The length of the area of the pipe is managed in the i_size field. The system call pipe creates a pipe which involves setting up a temporary inode and allocating a page of memory which is decided by the architecture dependent model.

Opening a FIFO

    Blocking Non Blocking
For reading No Writing Processes Block Open FIFO
  Writing Processes Open FIFO Open FIFO
For Writing No Reading Processes Block Error ENXIO
  Reading Process Open FIFO Open FIFO
For Reading and Writing   Open FIFO Open FIFO

Communication Via Files (IPC)

This is one of the oldest way of data exchange in which the information is sent as a file.
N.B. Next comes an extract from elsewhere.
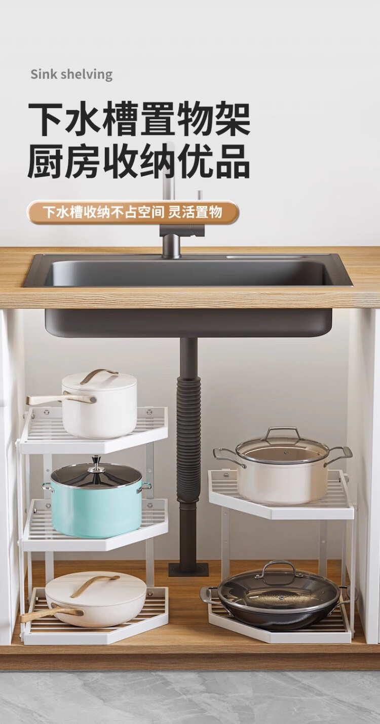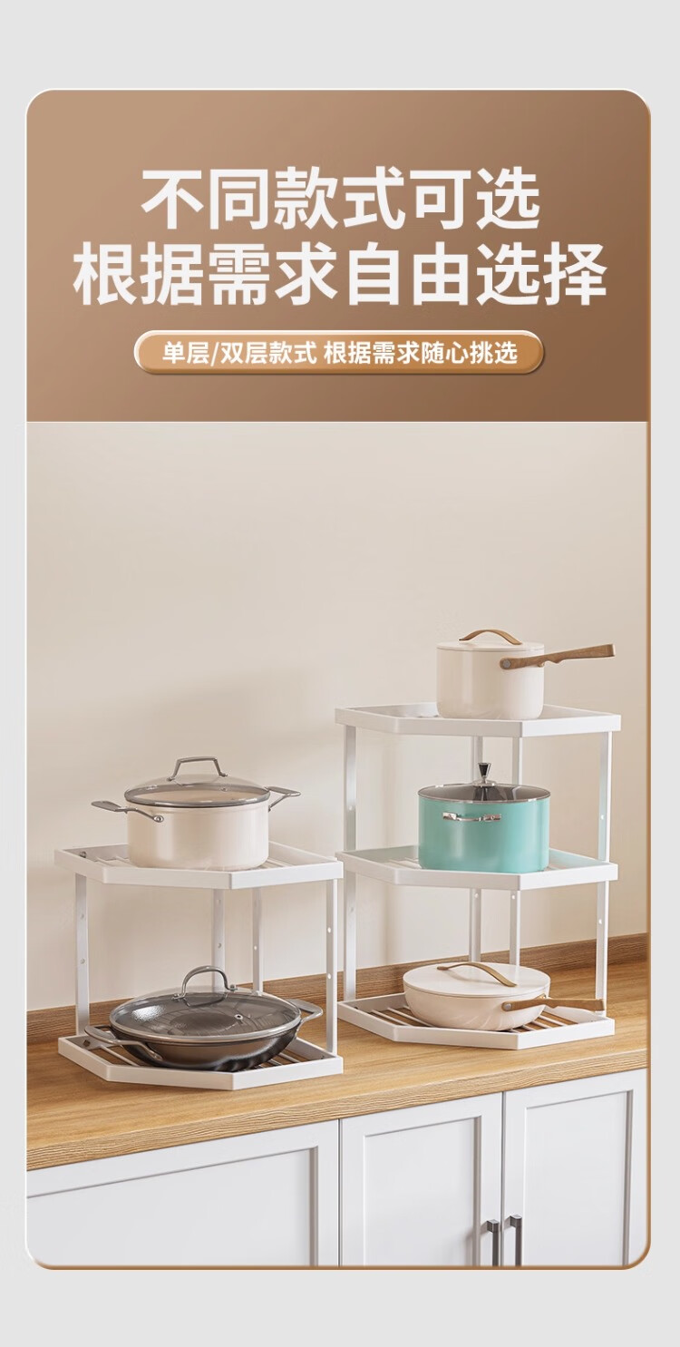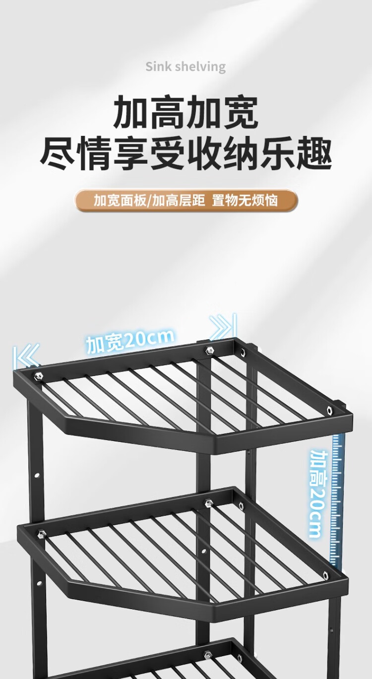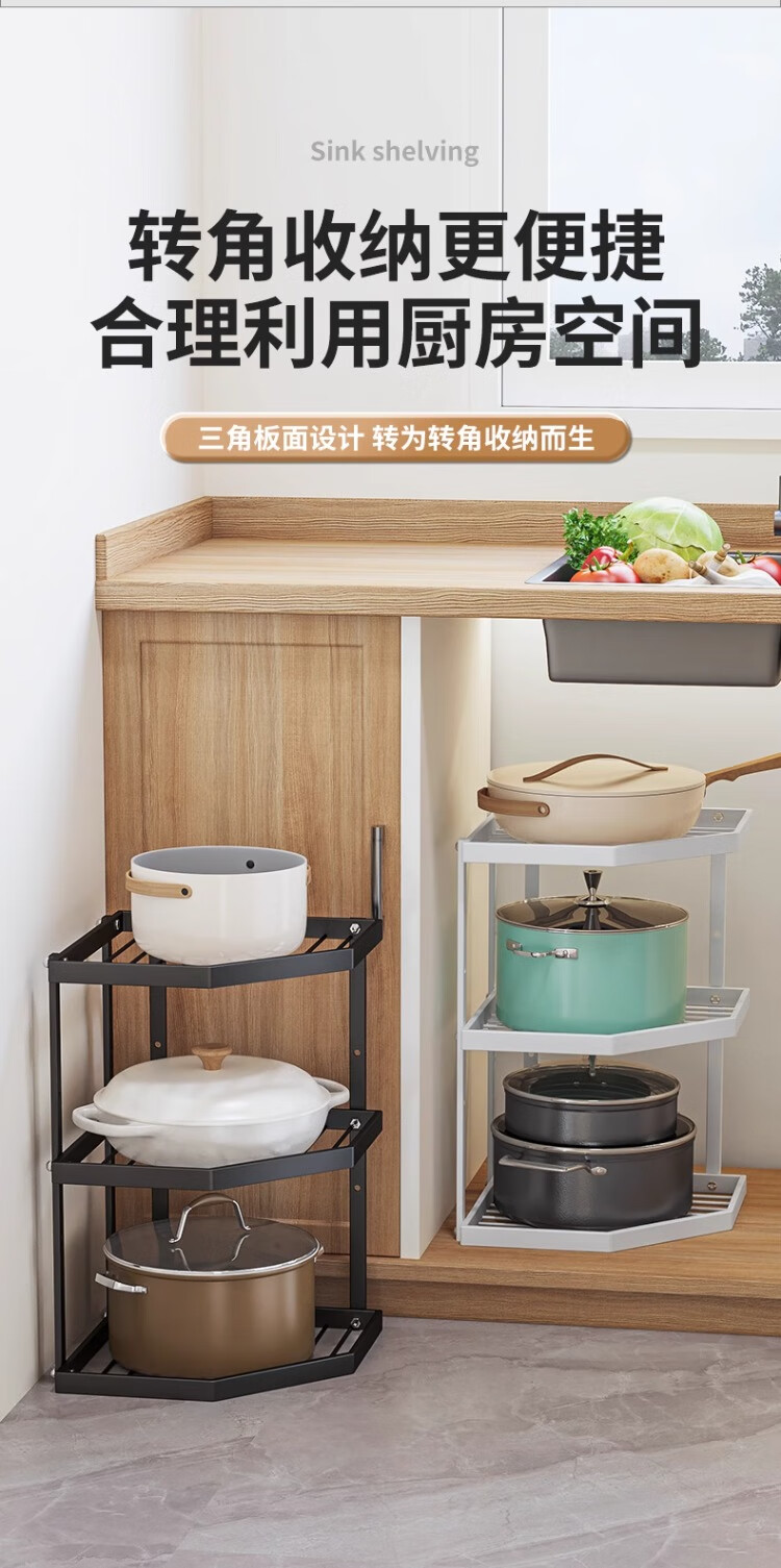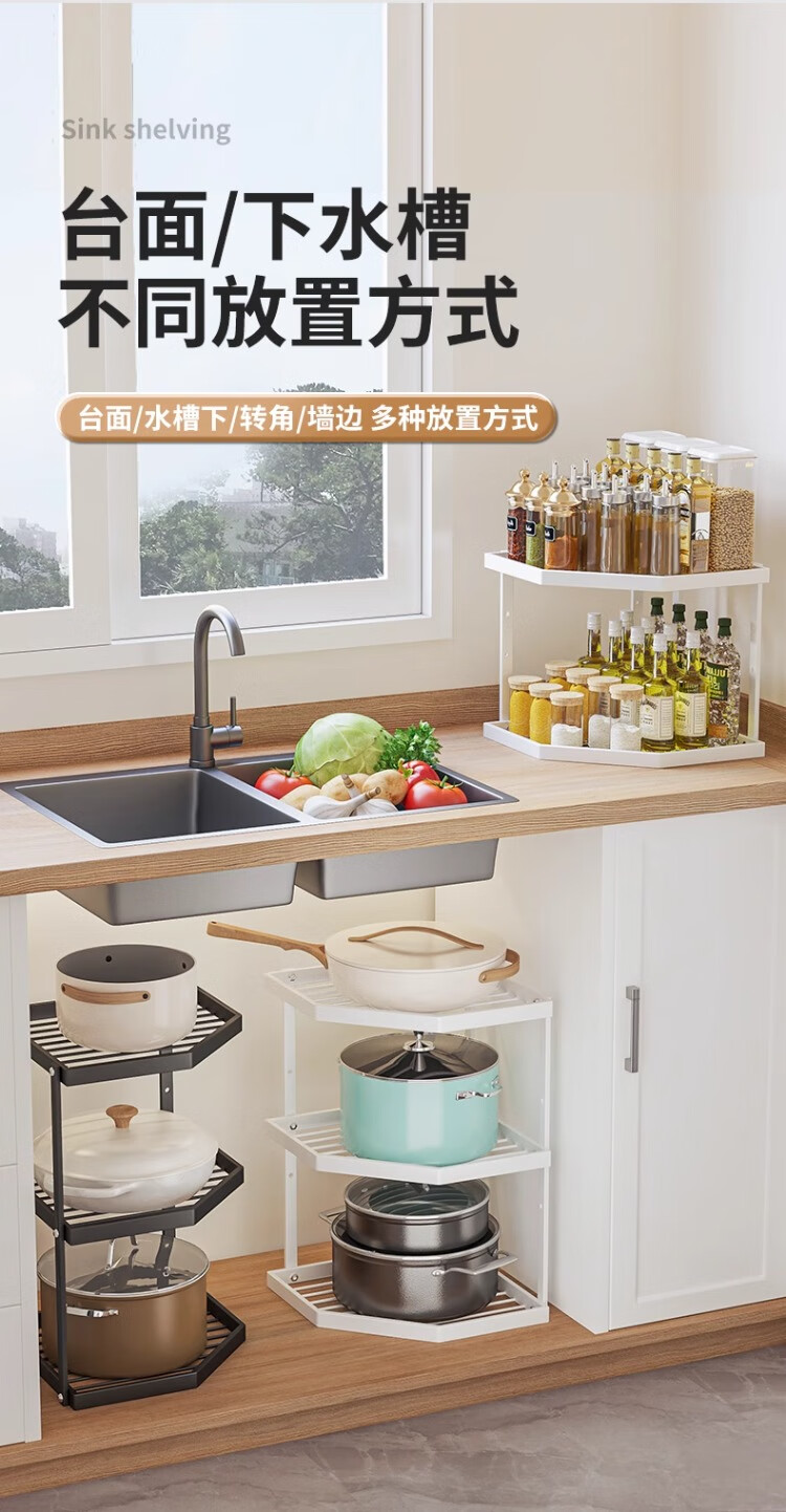 尔思家厨房锅具收纳架家用多层三脚架橱柜内分层下水槽转角多功能调料架 黑色双层标准

File needs two type of locking

Mandatory Locking

  • Read wirte is blocked during the entire locking period

Advisory locking

  • Allows Read and write even after the lock has been set
  • processes accessing the file for Read and Write has to lock it and release it again

Locking Entire Files

There are two methods for locking the entire file

First Method is by the use of several system calls

  • link – a system call
  • create – another system call
  • combination of flags like O_CREAT and O_EXEC with open (system call)
  • lock a fle with open() function using O_CREAT | O_WRONLY | O_TRUNK, but this option fails under the superuser mode

Second Method

fcntl – A system call to lock the entire file. It is also useful to lock the file areas. In Linux 2.0 it is called flock() which is not advisable to use.

Locking file areas

int sys_fcntl(unsigned int fd, unsigned int cmd, unsigned long arg);

int sys_fcntl64(unsigned int fd, unsigned int cmd, unsigned long arg);

where fd – file descriptor

cmd – includes F_GETLK, F_SETLK, F_SETLKW

Semantics of fcntl locks

Existing Lock Setting a read lock Write lock
None Possible Possible
More than One Possible Not Allowed
A Write Lock Not Allowed Not Allowed

Locking files may also lead to deadlock with the following example

Assume there are two processes wanted to read a file,

P1  -> 1 –> 2  (P1 tries to access the 1st block and then 2nd block within a file)

P2 –> 2  -> 1  (P2 tries to access the 2nd block and then 1st block within a file)

Now for getting the 2 and the 1st block, both processes will be in deadlock,

So Communication via files may not be a great option, of course there are some methods to avoid the deadlocks.